→ Prompt
The entries are to be returned exactly, with images left out.

[Extracted data entries]
#####

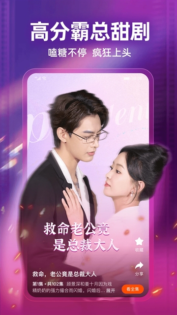 2、竖屏的全屏观看模式,提供丰富多样、贴近生活的原创短剧。
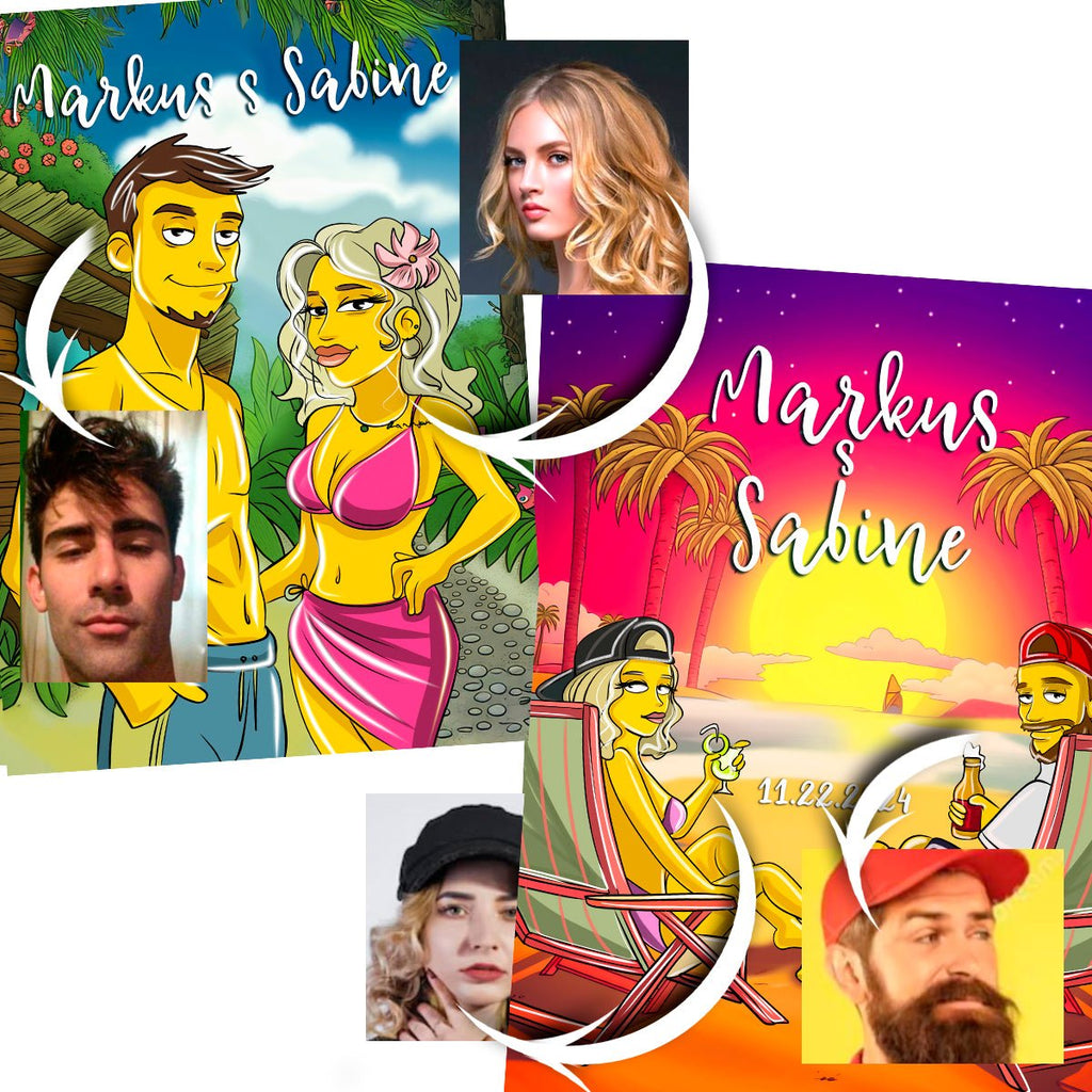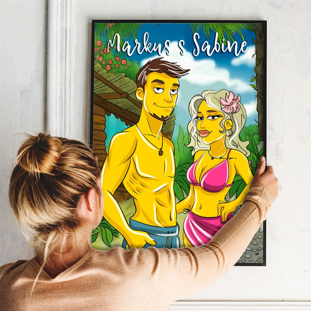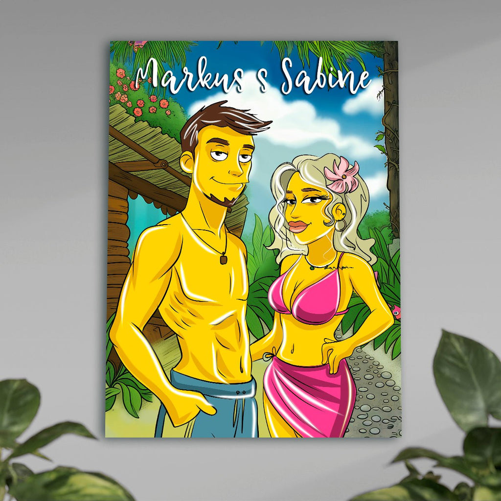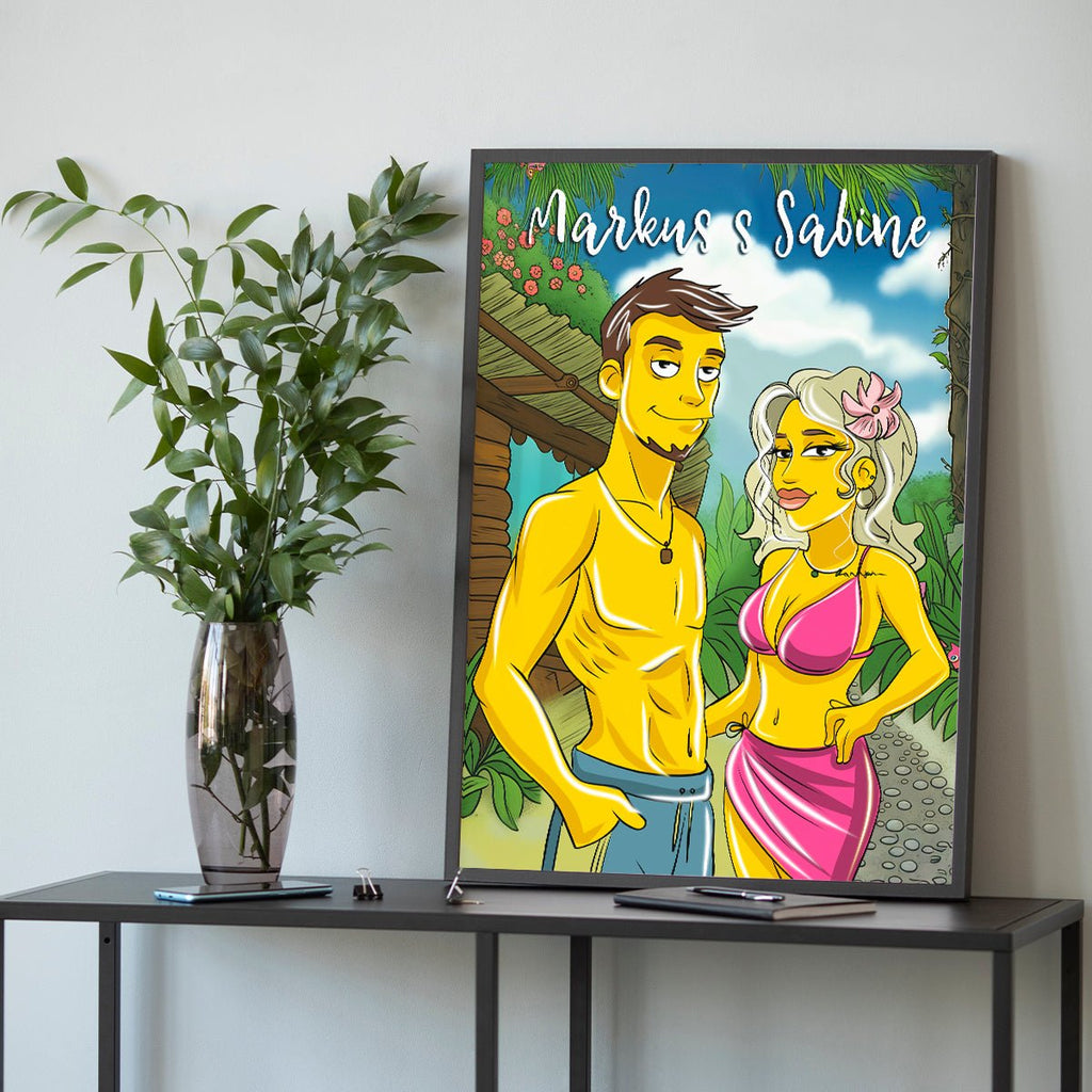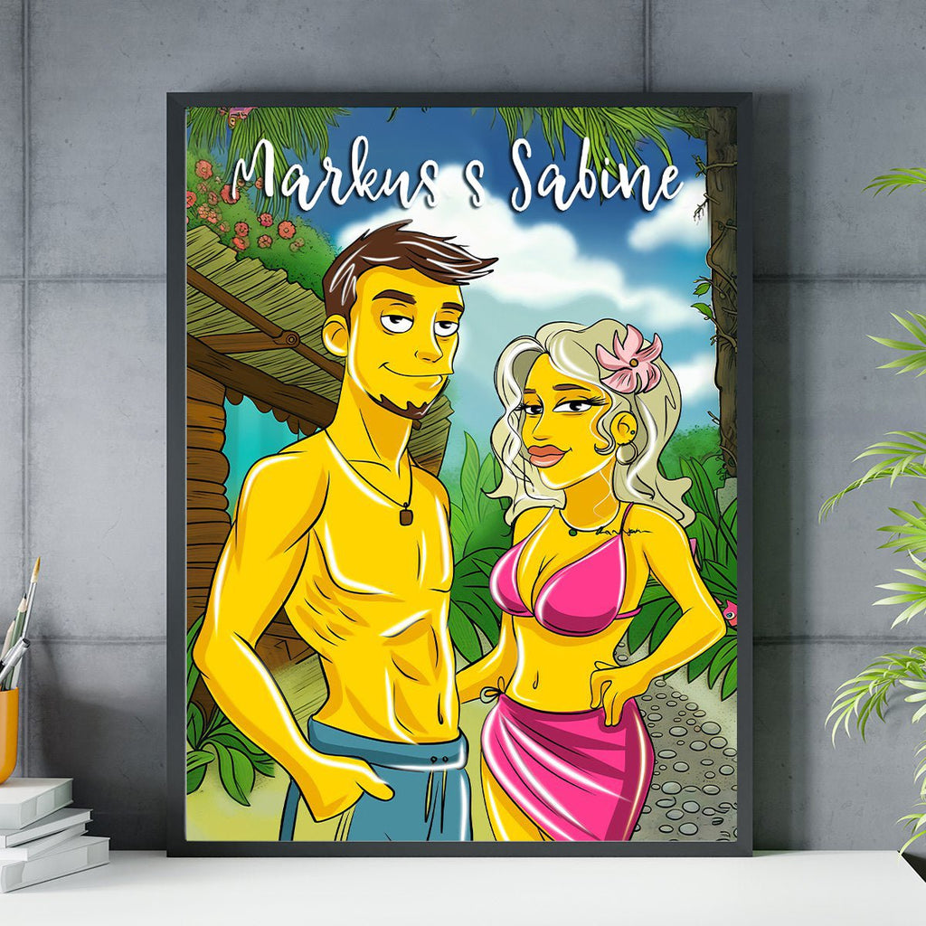 Paar im Urlaub Illustration - Poster, personalisiertes Geschenk für Paare
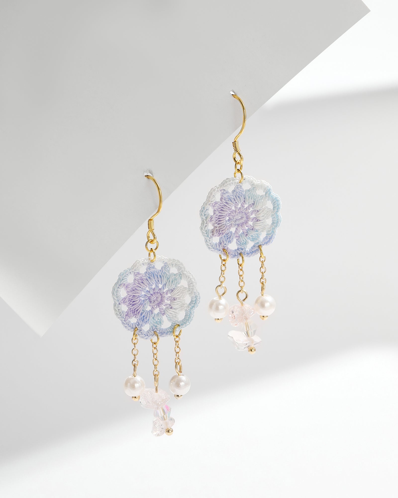 Delicate micro-crochet dreamcatcher earrings with fine lace details and a soft, airy finish. Lightweight, bohemian and perfect for everyday wear or gifting.
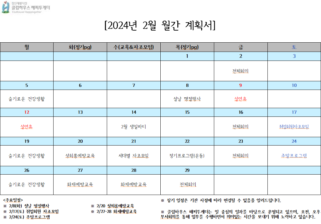 | 2024년 클럽하우스해피투게더 직원 채용(정신건강전문요원 or 재활활동요원) (0) | 2024.02.03 |
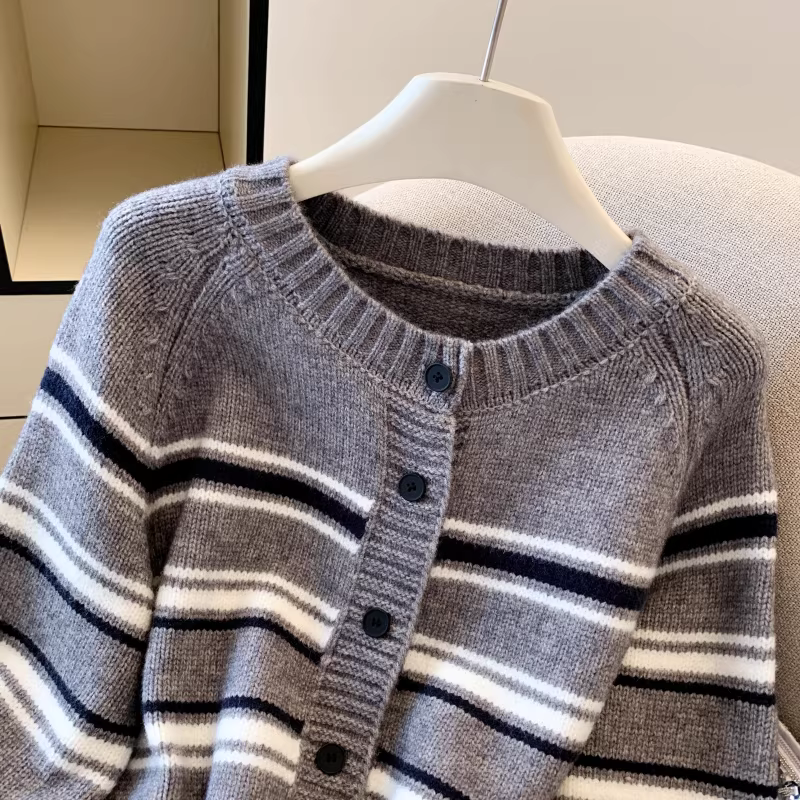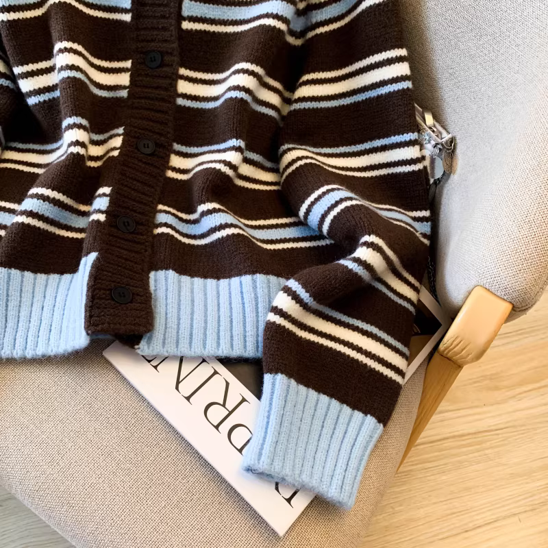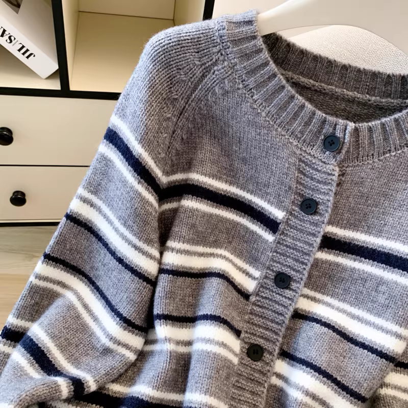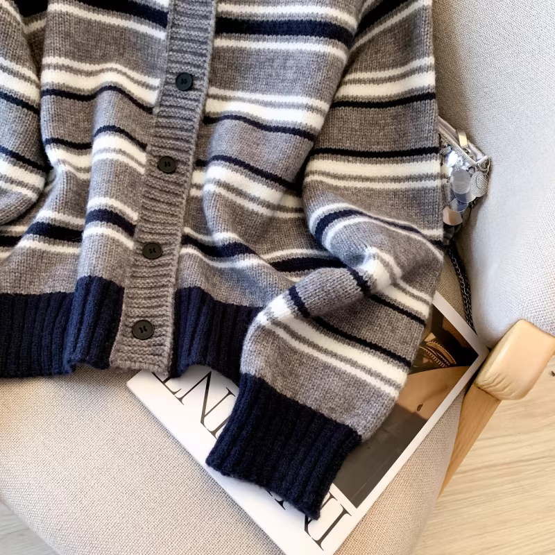 - Áo len dệt kim dài tay kẻ sọc phong cách La Chapelle dành cho nữ, mẫu mới thu đông 2025, kiểu dáng rộng rãi
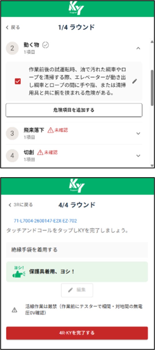 ・KY活動の基本手法である「4ラウンド法(現状把握・本質追求・対策樹立・目標設定)」のステップをアプリケーション内で再現しています。画面の案内に沿った操作で、ステップを省略することなく確実に実施し、初心者からベテランまで、標準化した質の高い安全確認を実施できます。
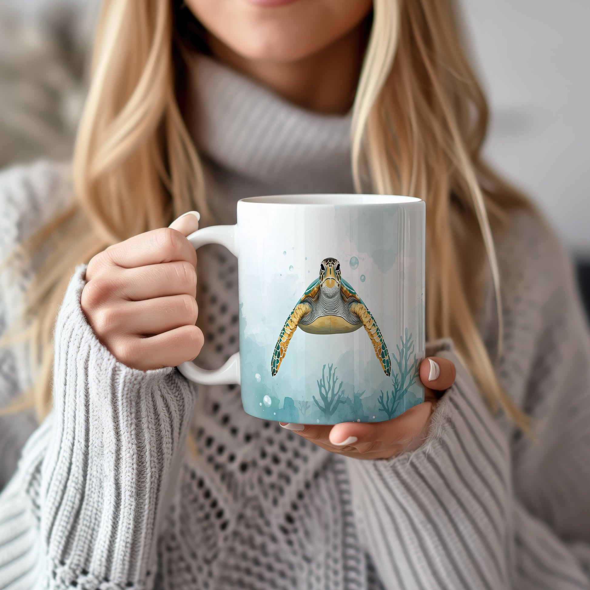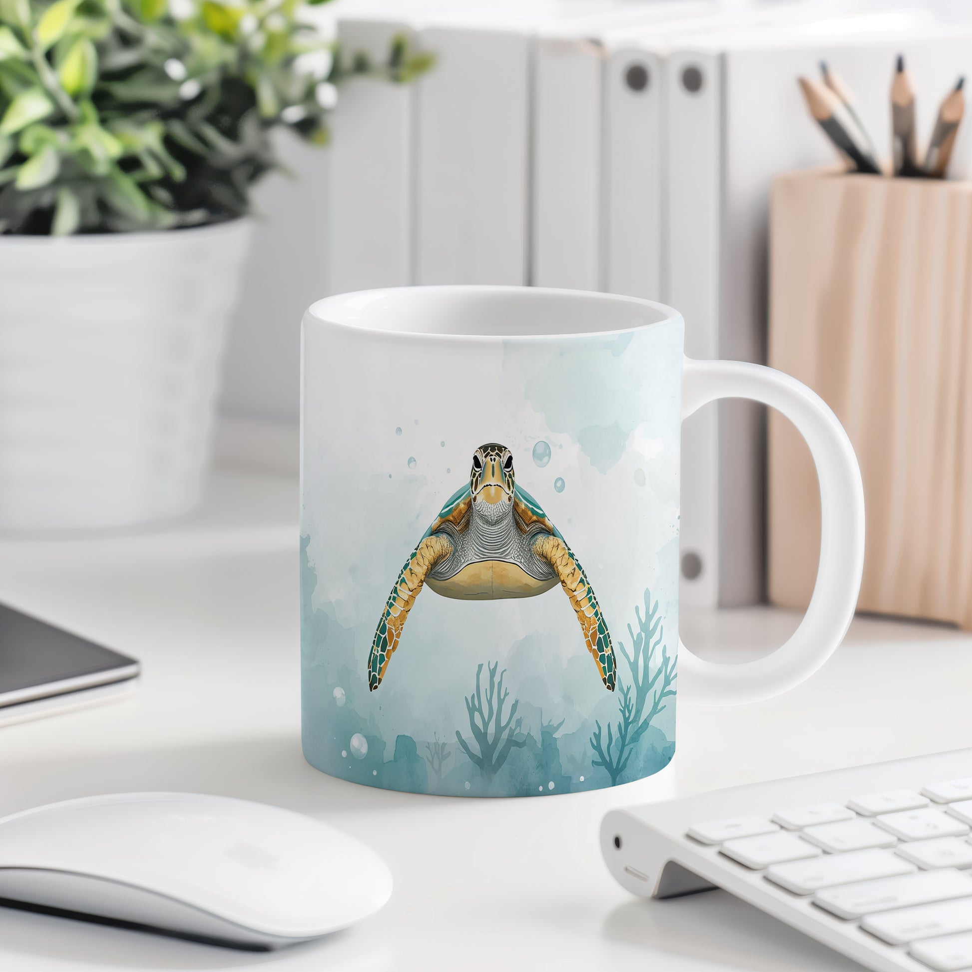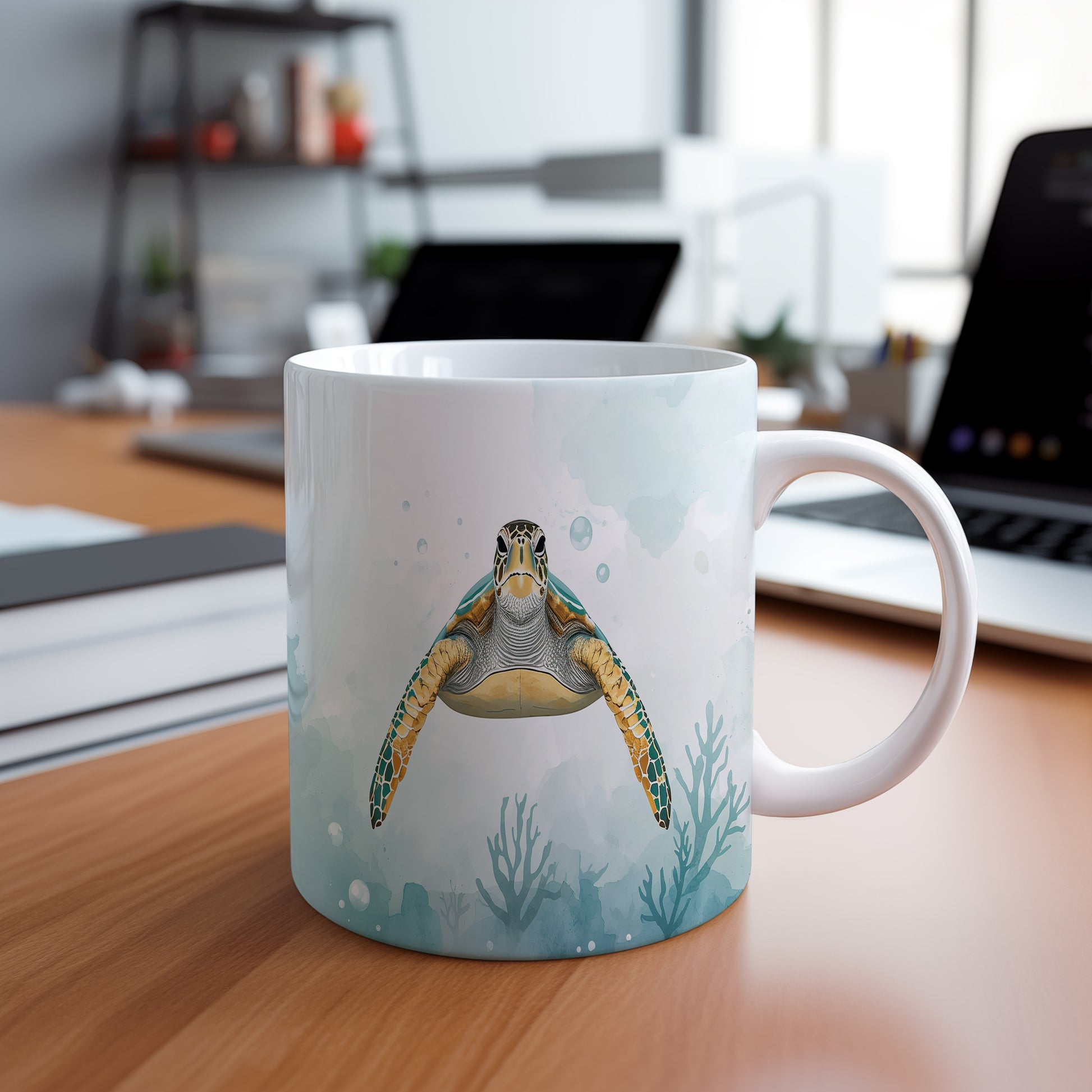 Na hladině klidného oceánu pluje majestátní želva, obklopena jemným akvarelovým pozadím. Světle modré tóny evokují pocit hlubokého klidu. Hrnek 330ml – vhodný do myčky i mikrovlnky.

#####

→ Answer area
 2、竖屏的全屏观看模式,提供丰富多样、贴近生活的原创短剧。
 Paar im Urlaub Illustration - Poster, personalisiertes Geschenk für Paare
 Delicate micro-crochet dreamcatcher earrings with fine lace details and a soft, airy finish. Lightweight, bohemian and perfect for everyday wear or gifting.
 | 2024년 클럽하우스해피투게더 직원 채용(정신건강전문요원 or 재활활동요원) (0) | 2024.02.03 |
 - Áo len dệt kim dài tay kẻ sọc phong cách La Chapelle dành cho nữ, mẫu mới thu đông 2025, kiểu dáng rộng rãi
 ・KY活動の基本手法である「4ラウンド法(現状把握・本質追求・対策樹立・目標設定)」のステップをアプリケーション内で再現しています。画面の案内に沿った操作で、ステップを省略することなく確実に実施し、初心者からベテランまで、標準化した質の高い安全確認を実施できます。
 Na hladině klidného oceánu pluje majestátní želva, obklopena jemným akvarelovým pozadím. Světle modré tóny evokují pocit hlubokého klidu. Hrnek 330ml – vhodný do myčky i mikrovlnky.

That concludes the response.